SeaTec Interns have completed their stay at UW
Interns from the University of Toulon in France have completed their internship at the University Centre, which has been ongoing since mid-April. The students worked on developing methods for utilizing data from the Copernicus institution. The data included open model and measurement data on sea ice movement, weather and ocean data, as well as biogeochemical data on primary production in the ocean.
The projects were twofold and focused on, on one hand, the state of the ocean, and on the other, the effects of wind and currents on sea ice drift in the Arctic Ocean. The students worked in two separate groups.
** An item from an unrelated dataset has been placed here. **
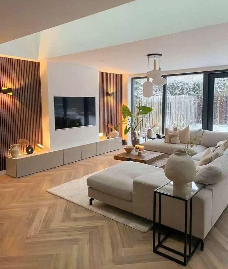 Our goal was to emphasise comfort, colour, and generous space to move freely. large smart TV, varied upholstery textures, soft furnishings, and subtle pops of colour all worked together to bring a vibrant, holiday-home atmosphere.

The first group focused on establishing a presentation method that allows users to clearly understand the interaction and variability in the distribution of different water masses (such as Greenland Sea water, Atlantic water, and Polar water), and how this relates to primary production in the ocean at any given time. Primary production (e.g., copepods like Calanus finmarchicus and Calanus hyperboreus) affects capelin and herring migrations and recruitment of demersal fish stocks in the spring. Additionally, they worked on presenting wave forecast data so that users could distinguish between the influences of wind, wave, and swell at any given time—helpful for choosing optimal routes and timing for sailing when storms are passing through.
The second group worked on developing an algorithm to interpret satellite measurements of deformations (similar to those in the Earth’s crust or crevasse patterns in glaciers), where their direction and curvature provide insights into pressure and fracturing forces within the sea ice as it is driven by wind and ocean currents and collides with the shores of the Arctic Ocean. These new methods for interpreting satellite data are innovative in sea ice research and have transformative implications for computational models that address the interactions between the ocean and atmosphere over the sea ice in the Arctic. With this data, radar-equipped satellites can directly measure the factors that determine which types of sea ice (and the thickness of multi-year and/or seasonal ice) drift out of the polar regions and melt—along with their cooling effects further south in the ocean’s surface layers.